Data listing Start Marker

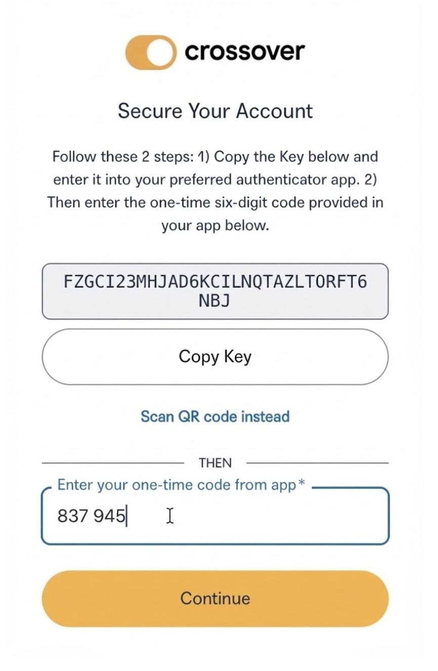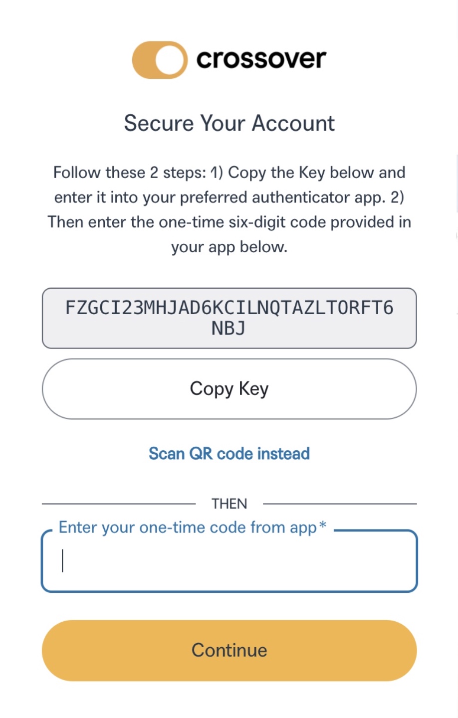Note: When you log in to your Crossover account going forward, you will be asked to input a one-time six-digit code from Microsoft Authenticator.
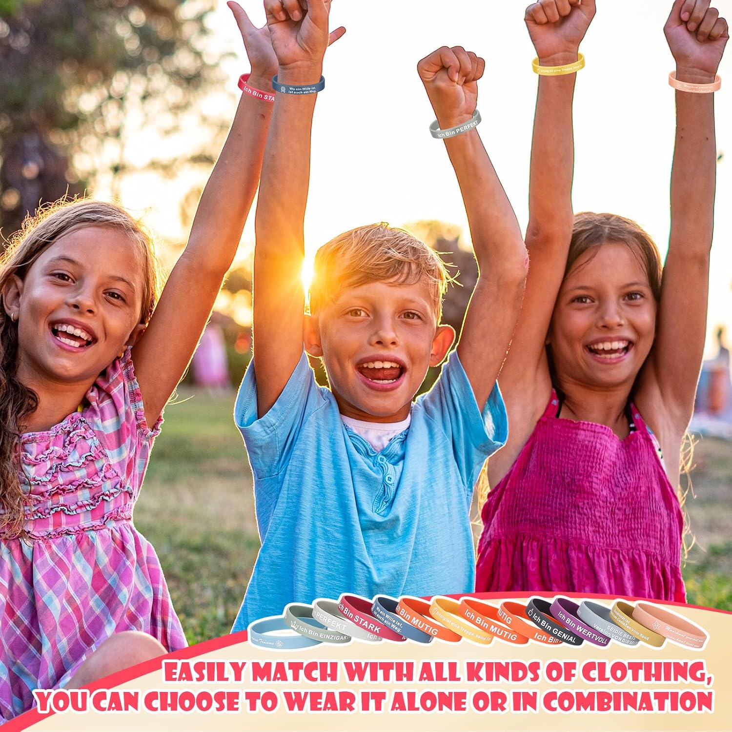 Die Motivationsarmbänder aus Silikon von Realjoy kamen super verpackt und loose in einer Box hier an. Der Druck der Bänder ist sehr gut und leserlich, gerade die kurzen Botschaften überzeugen meine Schüler. Ich betreibe eine kleine Nachhilfeschule und habe die Bänder als Geschenk zum Schulstart besorgt. Die Bänder mit "Ich bin mutig", "Ich bin stark", "Ich bin einzigartig" und "Ich bin genial" werden sehr gerne von den Schülern mitgenommen. Die längeren Botschaften sind meiner Meinung nach nicht so gut für Kinder geeignet und bei den Bändern "Sei die beste Version von Dir selbst" wurden die ersten beiden Wörter zusammengeschrieben, das ist für mich als Deutschlehrer schwer zu überlesen. :) Sieht man aber auch auf den Produktbildern hier. Die Farben sind wirklich toll gewählt, nicht so aufdringlich und vor allem passen sie für Mädchen und Jungen aller Altersklassen dank des elastischen Silikons. Laut der Schülern ist der Tragekomfort angenehm, sie schneiden nicht ein und man merkt kaum, dass man sie trägt. Auch am Folgetag hat keines der Kinder allergische Reaktionen von den Bändern gehabt. Finde ich auch wichtig zu erwähnen. Ich kann die Bänder daher wirklich empfehlen und vergebe gerne die volle Punktzahl. Alles in allem bekommt man hier wirklich viel für sein Geld, man kann theoretisch eine komplette Schulklasse mit den Motivationsbändern ausstatten.
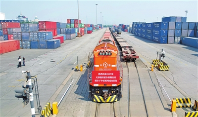 为保障此次班列顺利开行,天津港集团与铁路、海关及航运贸易企业共同发力,构建起全链条服务保障机制。“班列上的货物主要来自海运,以汽车配件为主,还包括机械设备、工程建材、家电等,我们统筹了港口作业资源,提高码头接卸效率,压缩货物的停留时间,并和铁路、海关等部门协同不断加快货物周转效率。”天津港集团物流公司经理张侃说。天津新港海关物流监控处多式联运监管科宋晓光科长也介绍:“我们嵌入式开展了无纸化抽核集装箱商业封志,企业可以免于提交纸面提单,再叠加铁水联运‘港场直通’便利措施,集装箱卸船后可直达铁路场站,节省货物周转时间。”
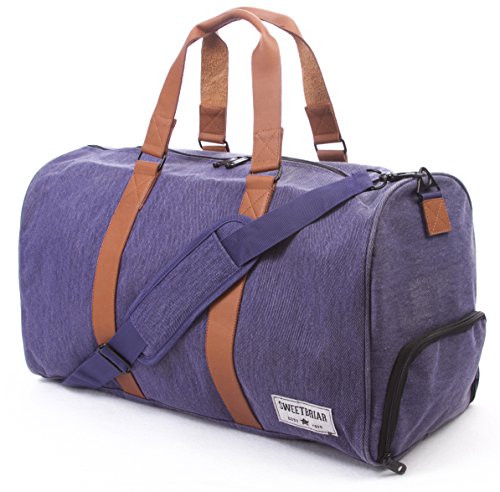 -. Brand : Sweetbriar -. Department : unisex-adult -. Feature : Top-Handle Travel Duffle Bag features a side access shoe compartment, separating shoes or other items from the main bag. / Includes a durable interior lining with multi-function zipper pocket for storage of various small items. Also includes a removeable padded shoulder strap. / Reinforced metal connections (not plastic) are built to withstand years of use. / Style: Carry On Vintage Suitcase Weekend Bag Traveling Travelling Holdall Overnight Trip Accessories Carryon Retro Backpack Baggage Case. Polyester & Faux Leather. / Dimensions: Large 21" x 11" x 12". Lightweight 1.9 lbs. -. ProductGroup : Apparel -. ProductTypeName : LAGE -. Title : Sweetbriar Classic Duffle Bag - Weekender Duffel with Shoe Compartment
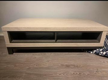 Deze salontafel is in gebruikte staat, maar nog steeds in goede conditie. De tafel is rechthoekig en heeft een handige opbergruimte onder het tafelblad. Ideaal voor het opbergen van tijdschriften, boe
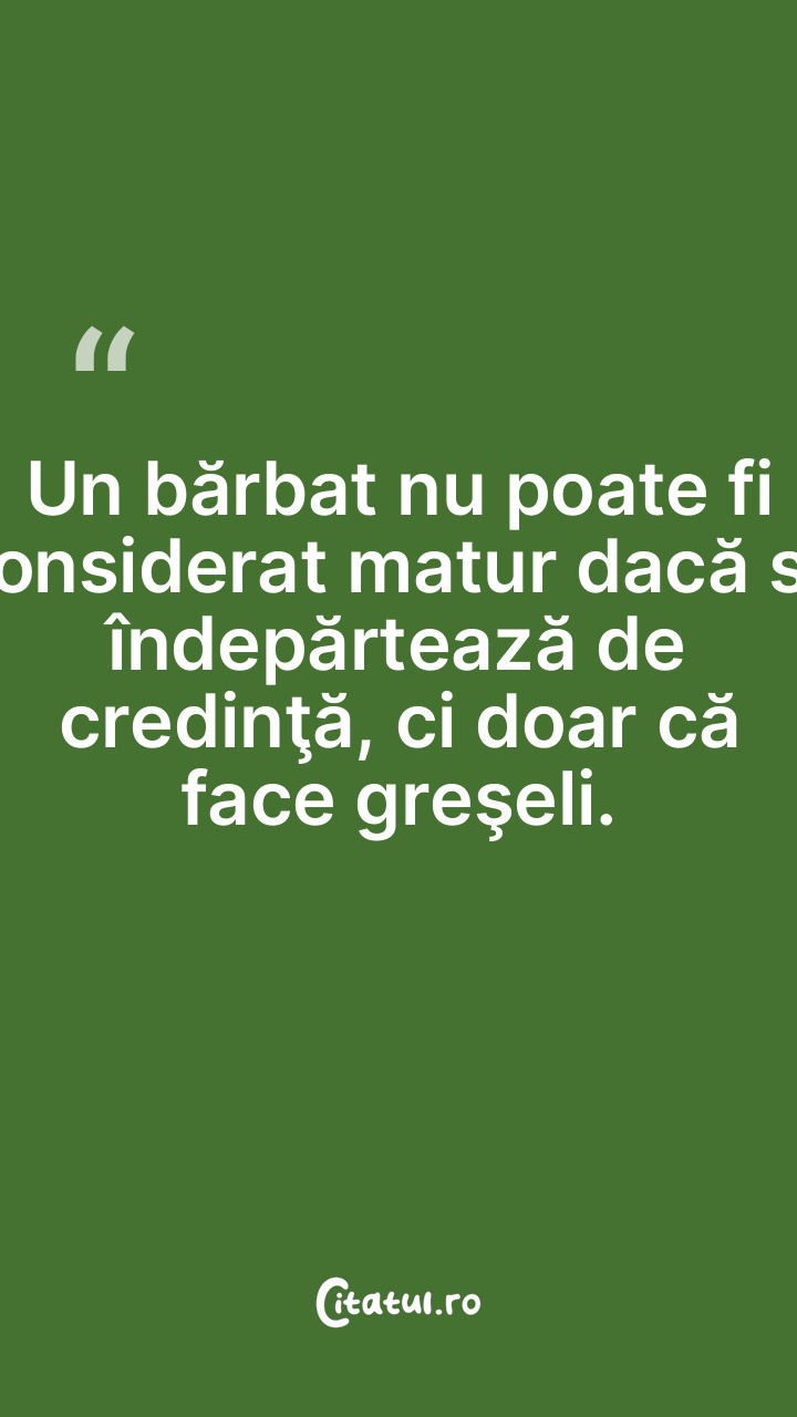 Un bărbat nu poate fi considerat matur dacă se îndepărtează de credinţă, ci doar că face greşeli.
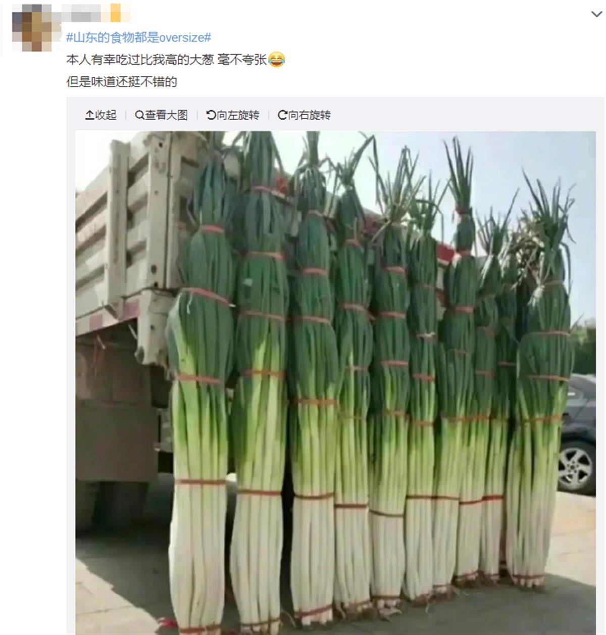 在网友热心的晒图之中,好客山东俨然变成了“浩克山东”,每一样食物都大得让人惊叹!有比人的头还大梨,跟小臂一样长的胡萝卜,盆一样大的面碗,一只手根本拿不住的烟台苹果,当然也少不了比人还要高的章丘大葱。据以往报道,每年都会举办的“中国·章丘大葱文化旅游节”上,185cm以下的葱,没有参赛资格,真的很难让人不感叹一声:“人不如葱”!
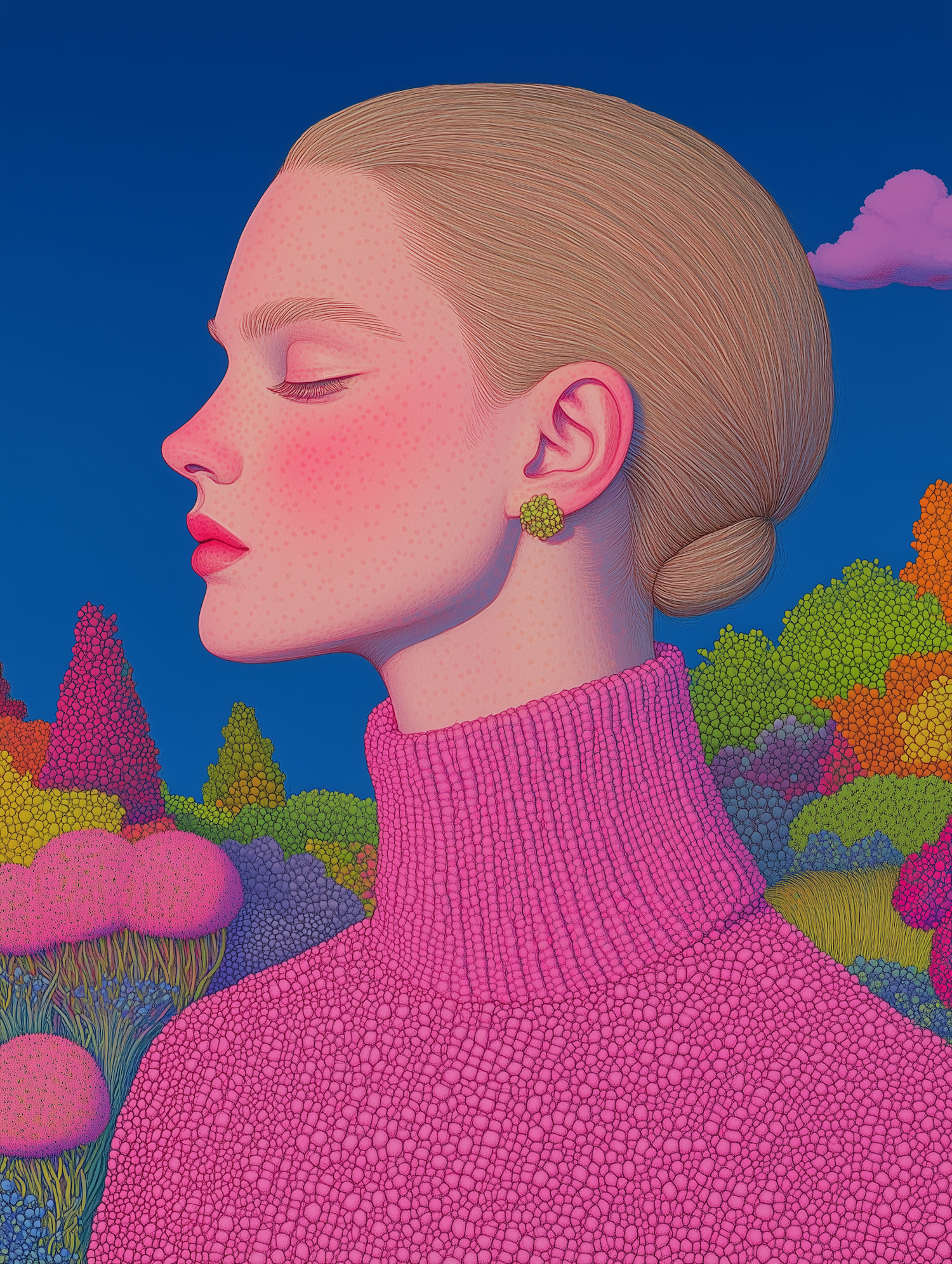 Stylized illustration of a serene woman in a pink sweater against a colorful, abstract landscape.
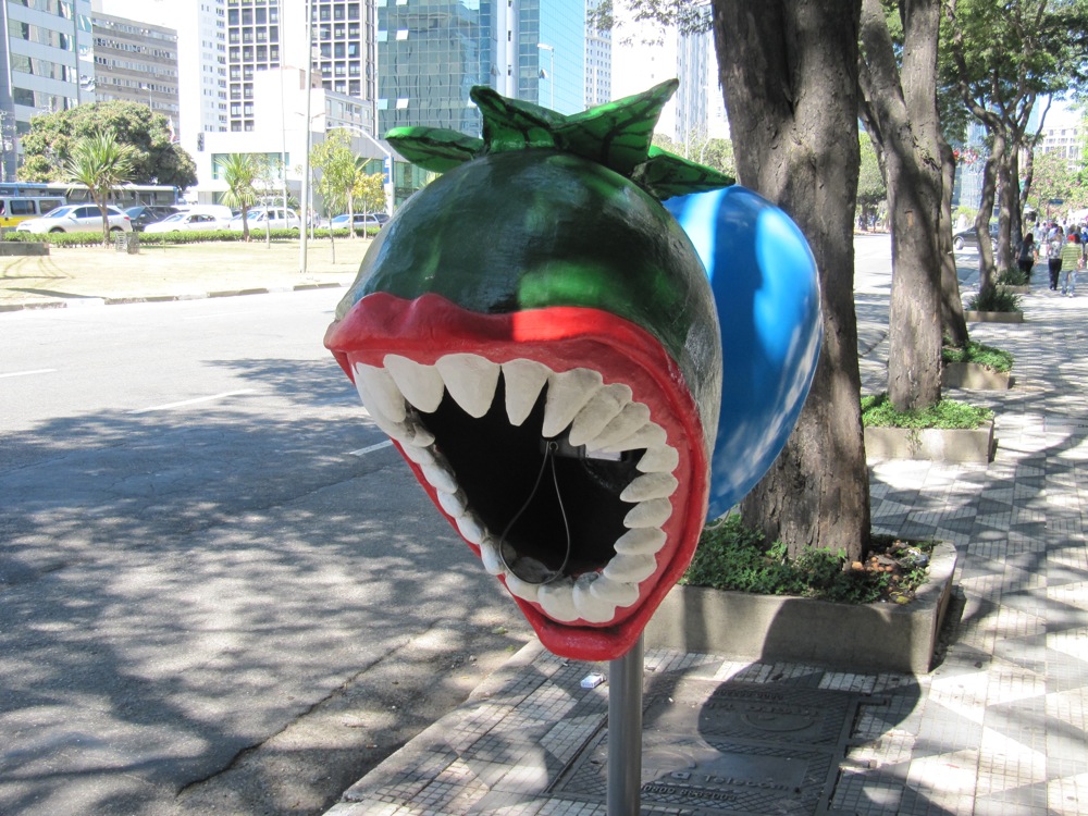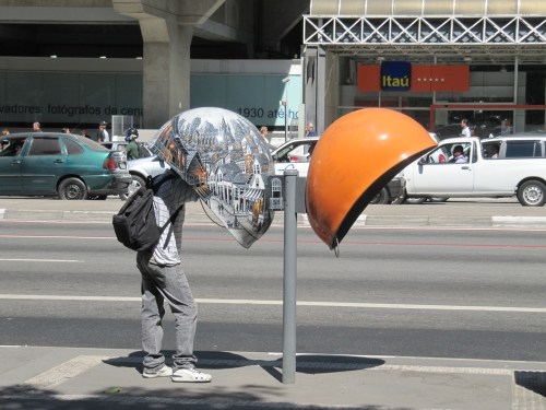 Brazilians have awesome design sensibility. These dome-shaped phone booths are all over the city, and many of them have been decorated in wild, artistic ways.

Data listing End Marker

Omit every picture while transcribing the records above exactly.

## Written answer
Note: When you log in to your Crossover account going forward, you will be asked to input a one-time six-digit code from Microsoft Authenticator.
 Die Motivationsarmbänder aus Silikon von Realjoy kamen super verpackt und loose in einer Box hier an. Der Druck der Bänder ist sehr gut und leserlich, gerade die kurzen Botschaften überzeugen meine Schüler. Ich betreibe eine kleine Nachhilfeschule und habe die Bänder als Geschenk zum Schulstart besorgt. Die Bänder mit "Ich bin mutig", "Ich bin stark", "Ich bin einzigartig" und "Ich bin genial" werden sehr gerne von den Schülern mitgenommen. Die längeren Botschaften sind meiner Meinung nach nicht so gut für Kinder geeignet und bei den Bändern "Sei die beste Version von Dir selbst" wurden die ersten beiden Wörter zusammengeschrieben, das ist für mich als Deutschlehrer schwer zu überlesen. :) Sieht man aber auch auf den Produktbildern hier. Die Farben sind wirklich toll gewählt, nicht so aufdringlich und vor allem passen sie für Mädchen und Jungen aller Altersklassen dank des elastischen Silikons. Laut der Schülern ist der Tragekomfort angenehm, sie schneiden nicht ein und man merkt kaum, dass man sie trägt. Auch am Folgetag hat keines der Kinder allergische Reaktionen von den Bändern gehabt. Finde ich auch wichtig zu erwähnen. Ich kann die Bänder daher wirklich empfehlen und vergebe gerne die volle Punktzahl. Alles in allem bekommt man hier wirklich viel für sein Geld, man kann theoretisch eine komplette Schulklasse mit den Motivationsbändern ausstatten.
 为保障此次班列顺利开行,天津港集团与铁路、海关及航运贸易企业共同发力,构建起全链条服务保障机制。“班列上的货物主要来自海运,以汽车配件为主,还包括机械设备、工程建材、家电等,我们统筹了港口作业资源,提高码头接卸效率,压缩货物的停留时间,并和铁路、海关等部门协同不断加快货物周转效率。”天津港集团物流公司经理张侃说。天津新港海关物流监控处多式联运监管科宋晓光科长也介绍:“我们嵌入式开展了无纸化抽核集装箱商业封志,企业可以免于提交纸面提单,再叠加铁水联运‘港场直通’便利措施,集装箱卸船后可直达铁路场站,节省货物周转时间。”
 -. Brand : Sweetbriar -. Department : unisex-adult -. Feature : Top-Handle Travel Duffle Bag features a side access shoe compartment, separating shoes or other items from the main bag. / Includes a durable interior lining with multi-function zipper pocket for storage of various small items. Also includes a removeable padded shoulder strap. / Reinforced metal connections (not plastic) are built to withstand years of use. / Style: Carry On Vintage Suitcase Weekend Bag Traveling Travelling Holdall Overnight Trip Accessories Carryon Retro Backpack Baggage Case. Polyester & Faux Leather. / Dimensions: Large 21" x 11" x 12". Lightweight 1.9 lbs. -. ProductGroup : Apparel -. ProductTypeName : LAGE -. Title : Sweetbriar Classic Duffle Bag - Weekender Duffel with Shoe Compartment
 Deze salontafel is in gebruikte staat, maar nog steeds in goede conditie. De tafel is rechthoekig en heeft een handige opbergruimte onder het tafelblad. Ideaal voor het opbergen van tijdschriften, boe
 Un bărbat nu poate fi considerat matur dacă se îndepărtează de credinţă, ci doar că face greşeli.
 在网友热心的晒图之中,好客山东俨然变成了“浩克山东”,每一样食物都大得让人惊叹!有比人的头还大梨,跟小臂一样长的胡萝卜,盆一样大的面碗,一只手根本拿不住的烟台苹果,当然也少不了比人还要高的章丘大葱。据以往报道,每年都会举办的“中国·章丘大葱文化旅游节”上,185cm以下的葱,没有参赛资格,真的很难让人不感叹一声:“人不如葱”!
 Stylized illustration of a serene woman in a pink sweater against a colorful, abstract landscape.
 Brazilians have awesome design sensibility. These dome-shaped phone booths are all over the city, and many of them have been decorated in wild, artistic ways.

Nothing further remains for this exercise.